Для дальнейшей оценки и более точной документации того, что все 21 из возможных радиационных пар доз (от нуля до 600 сГр) приводили к существенным различиям в уровнях процента клеток TR, к данным был применен тест множественного ранжирования Дункана. Результаты, показанные в Таблице 7, демонстрируют, что все 21 пар доз имели значимо различные проценты клеток TR (P < 005). Эти аналитические методы демонстрируют, что число циркулирующих эритроцитов, имеющих рецепторы трансферрина, может быть использовано как индекс ионизирующей радиации, абсорбированной на костном мозге.

Пример 5 – Взаимодействия между RBCp и TR клетками
Очевидно, что ответы (увеличения) RBCp и TR клеток в ответ на ионизирующую радиацию количественно и качественно схожи, если не существенно идентичны. Каждый параметр, конечно, имеет свою собственную математическую основу и числовой ранг значений. Не является неожиданным, как и хорошо известным, что RBCp является прямым потомком гематопоэтических стволовых клеток (“HSC”) и также непосредственным предшественником циркулирующих эритроцитов с TR клетками, представляющих собой специфический класс популяции красных кровяных клеток. Поскольку первичной целью радиационного поражения является HSC (смотрите Пример 6 ниже), эти факты ясно показывают, что протяженность мутагенных эффектов, влияющих на гематопоэтические стволовые клетки, может быть снижена либо степенью увеличения RBCp в костном мозге, либо усилением TR клеточности в крови. Таким образом, избыток либо предшественников красных кровяных клеток (костный мозг), либо TR клеток (кровь) может быть использован как проба или индекс мутагенного статуса HSC. Однако вследствие повсеместного присутствия циркулирующей крови, легкого получения проб, ее гомогенности и ничтожно малого объема, требуемого для анализа на проточном цитометре, проба на TR клеточность может оказаться идеальной для либо выживания индивидуумов, либо для массивного скрининга больших популяций. Также возможно, что, поскольку многие соединения и химические вещества классифицируют как “радиомиметические”, предлагаемый способ может быть адаптирован для использования в качестве шкалы для подсчета степени мутирования стволовых клеток, т.е. измерения мутагенных эффектов HSC, выраженных на радиометрической шкале.

Пример 6 – Полужизнь для восстановления мутаций гематопоэтических стволовых клеток.

Результаты анализа TR клеток, проведенного на 7, 21 и 30 недели после экспозиции на пяти иррадиированных 600 сГр крысах, представленные на Фигуре 5, выявили экспоненциальную кривую с уровнем редукции 1/2 повышенного числа TR клеток на 30 неделе. Индуцированные рентгеновскими лучами мутагенные изменения гематопоэтических стволовых клеток, таким образом, имеют полужизнь 30 недель, подсчитанную или выраженную путем понижающихся чисел (возвращение к базальным уровням) TR клеток на 10000 красных клеток в крови. Другие исследования показали сходные значения полужизни для восстановления повреждений, вызванных рентгеновской радиацией у гематопоэтических клеток костного мозга. У Gong (1969), раскрытие которого внесено здесь в ссылки, было установлено Т-1/2 29 недель для супрессированного нормобластического ответа (т. е. повышение выше нормального RBCp в общем скелете) после флеботомии животных, предварительно экспонированных рентгеновским лучам при 150 сГр и наблюдаемых в течение 60 недель. У Gong (1976), раскрытие которого внесено здесь в ссылки, 30 недель были отобраны для Т-1/2 для экспрессии более низкого, чем нормальное повышение RBCp у крыс, экспонированных 0,9 сГр рентгеновских лучей, и далее произведенного кровопускания и последовавших 10 недель.

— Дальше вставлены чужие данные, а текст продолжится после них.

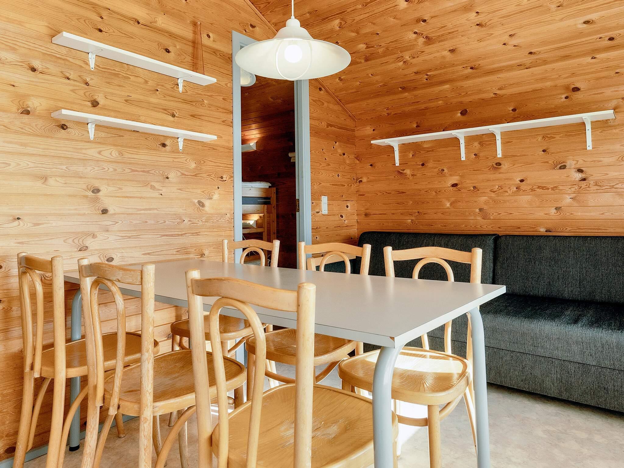 Das Ferienhaus in Dänemark ist für Familien und Gruppen geeignet und verfügt über zwei Doppelbetten und drei Etagenbetten sowie ein gemeinsames Badezimmer, das von beiden Zimmern aus zugänglich ist, und eine teilweise überdachte Holzterrasse in Südlage. Das Ferienhaus kann bis zu 5 Personen gleichzeitig beherbergen, so dass Sie einen tollen Urlaub verbringen und sogar Ihre Haustiere zum Spielen mitbringen können. Der Gemeinschaftsbereich verfügt über einen Esstisch mit vier Sitzplätzen aus Holz neben einem luftigen Fenster, um das Abendessen mit einem herrlichen Blick nach draußen zu genießen.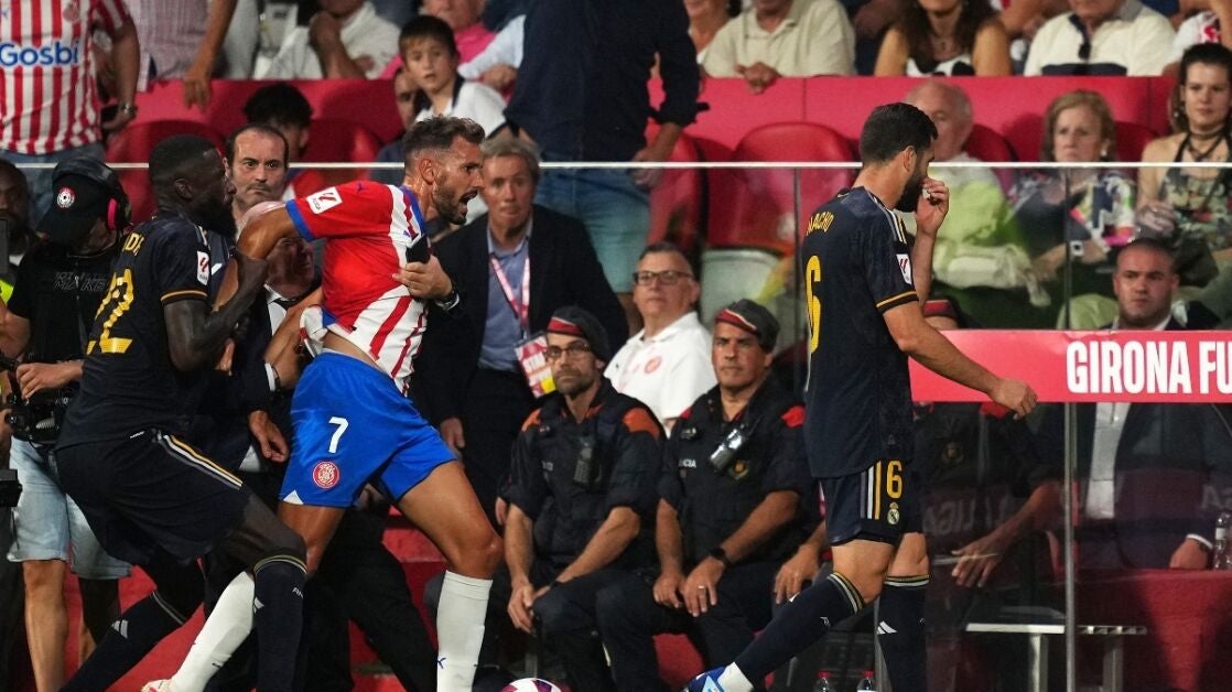 Lo de después, tangana, con la seguridad privada teniendo que intervenir al ir Stuani directo a por Nacho.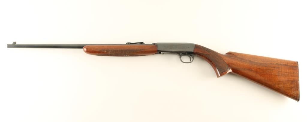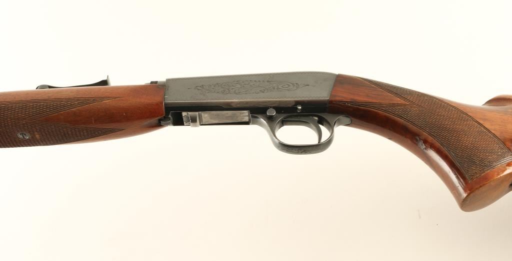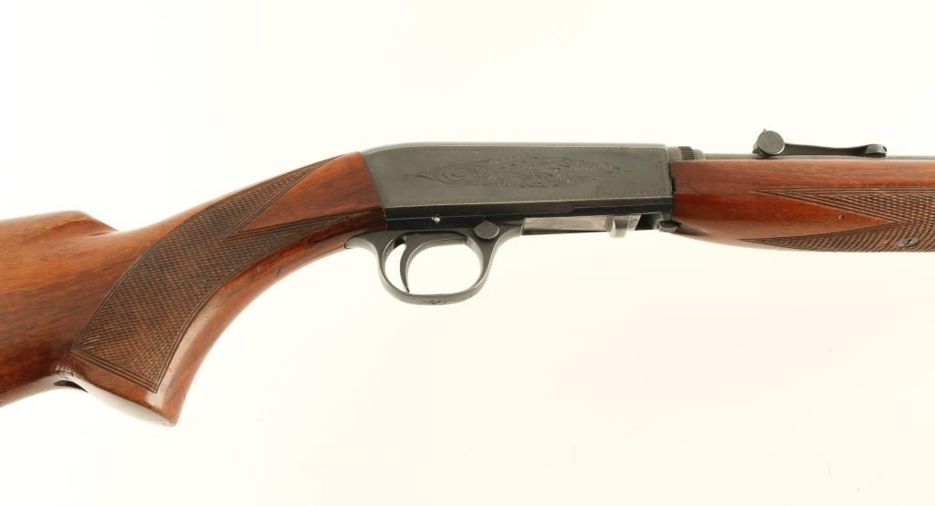 Rifle. Semi-Automatic. Takedown. Belgium made, and imported by Browning. 1914-Present. 19.25" round barrel with adjustable notch sights. Fed from a 11 rd. tube magazine located in the stock. 37" overall. Checkered pistol grip stock, and forearm. Top of receiver grooved for scope mount. Push safety on triggerguard. Downward ejection. Wood is in good shape with some minor sctraches/dings. Blued finish is about 90% with wear to the edges. Loss to the lower left receiver. Someone has electropenciled a SSN on the steel butt plate. Bore appears good, but dirty. NRA Condition-Very Good. Modern Firearm.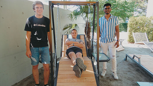 Während des Apéros hatten nun die interessierten Besucher die Gelegenheit, die Liegen von Nahem zu besichtigen. Dabei konnte allerlei Spannendes bestaunt werden: von LED-Lämpchen über den Weinkühler oder den ausfahrbaren Beistelltisch bis hin zur Schaukel. Unterbrochen wurde der Apéro für die Publikumswahl der besten Liege. Die Besucher gaben ihre Stimmzettel ab und erkoren so die Gewinner. Die Wahl für sich entscheiden konnte die Gruppe mit Ueli Ott, Livio Camenzind und Inthujan Balasubramaniam mit einer Liege- Schaukel, der sie den Namen «Bali» kurz für «baumeln» und «liegen» gaben.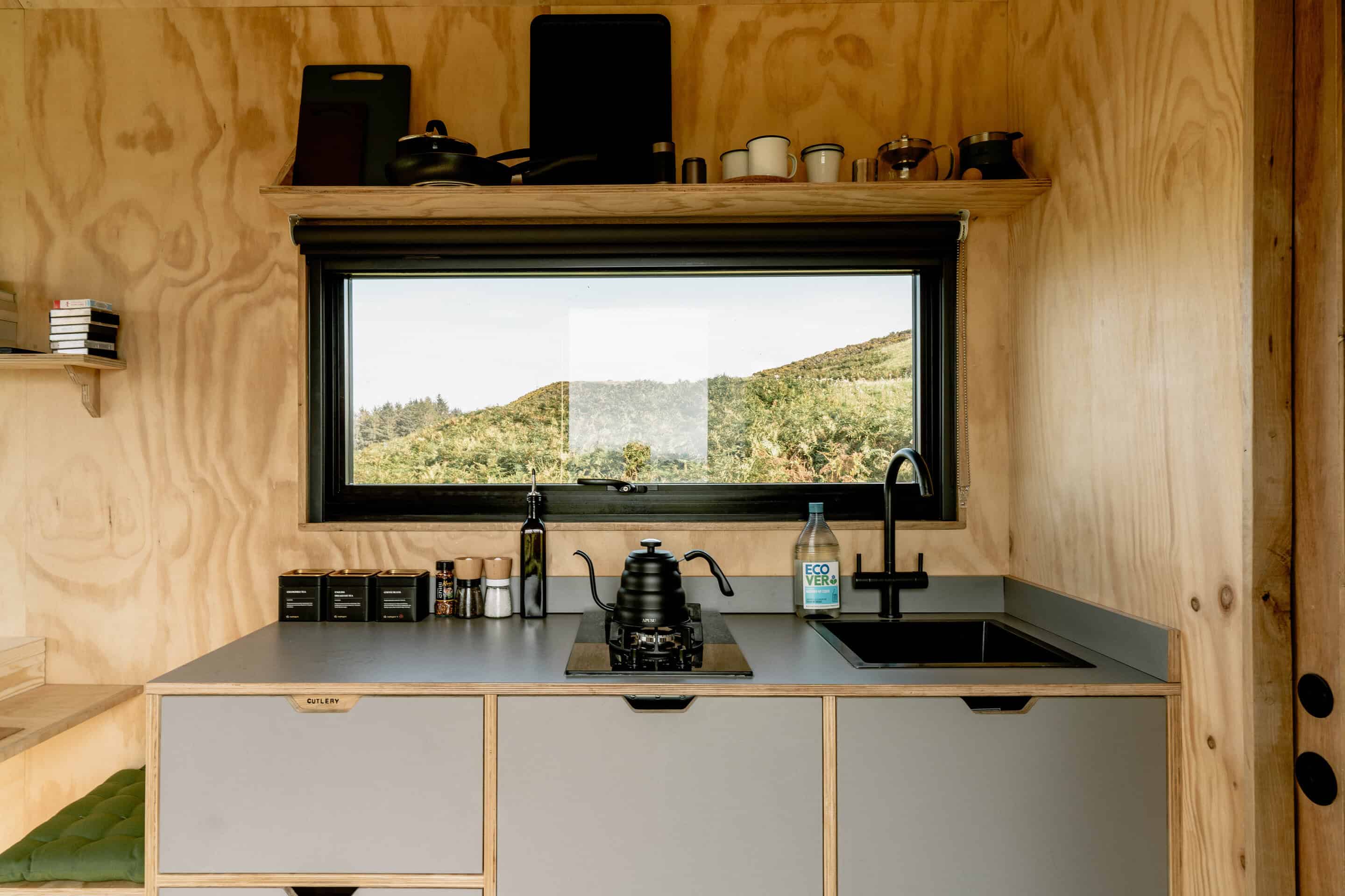 Inside, Hoku is warm and minimal, with a plush king-sized bed, soft linens, a crackling log burner, and thoughtful touches throughout — organic teas, rich coffee, natural toiletries, and a curated selection of books and games. It’s a cabin built for comfort, simplicity, and deep rest.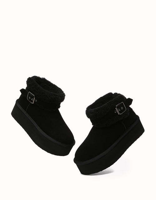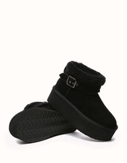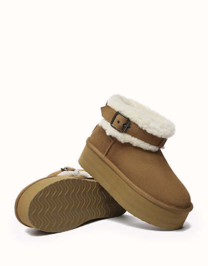 Voici l'incarnation du confort et du style : les bottines à plateforme EVEthtRAU Ula. Dotées d'une boucle métallique, elles s'ajustent à votre pointure et rehaussent instantanément votre look. Disponibles en marron et noir, ces bottines à plateforme s'associent parfaitement à un jean ou à des vêtements de sport, tout en garantissant une chaleur optimale grâce à leur laine de mouton de haute qualité.

Из этих наблюдений могут быть сделаны два вывода: (1) Сходные значения Т-1/2 для обоих параметров (дефициты в RBCp ответе у обработанных рентгеновскими лучами крыс с последующей флеботомией и возрастание TR клеток у иррадиированных, но не истекающих кровью животных) означает, что анализы для обоих параметров могут служить как пробы или шкала для оценки мутационного статуса гематопоэтических стволовых клеток. (2) Практически идентичный период Т-1/2, индуцированный 3 значимо различными дозами радиации (0,9, 150 и 600 сГр) показывает, что уровень репарации мутаций HSC является независимым от величины дозы рентгеновского излучения, индуцировавшего изменения.

Пример 7 – Инвариант времени популяции TR клеток у человека.

От пяти доноров были собраны пробы крови. Все не имели случаев экспозиции радиации, кроме случайных обработок при лечении зубов. Для тестирования репродуктивности и стабильности индивидуальных уровней циркулирующих TR клеток отбирали пробы крови у волонтеров в начале и еще один раз 10 дней спустя. Результаты, показанные в Таблице 8, не показывают значительных различий в числе клеток, несущих рецептор трансферрина (“меченые клетки”), между первым и вторым анализом. Средние числа клеток, несущих трансферриновые рецепторы на 10000 циркулирующих эритроцитов составили (среднее SD) 1390 23 и 1306 20 соответственно.

Пример 8 – Анализ трансфериновой клеточности у человека.

Пробы крови от шести пациентов, которые проходили или имели недавно завершенный радиационный протокол в Буффало, New York Hospital, ни один из которых не имел истории гематологических злокачественных заболеваний или расстройств, разбавляли (5 мкл/мл) в PBS. Для каждой пробы добавляли 30 мкл PBS к каждой из трех пробирок, помеченных 1, 2 и 3. 50 мкл помеченных FITC античеловеческих антител рецептора трансферина и 20 мкл разбавленной крови помещали в пробирку 2. К пробирке 3, контрольной, добавляли 50 мкл помеченных FITC lgG2a в разведении 1:100 и 20 мкл разбавленной крови. Пробирка 1, объем которой был доведен до 100 мкл PBS, служила слепым контролем. Три пробирки инкубировали на льду в течение 60 минут и к каждой затем добавляли 3 мл PBS. После смешивания пробирки центрифугировали, сливали супернатант и оставшийся осадок ресуспендировали в 500 мкл PBS.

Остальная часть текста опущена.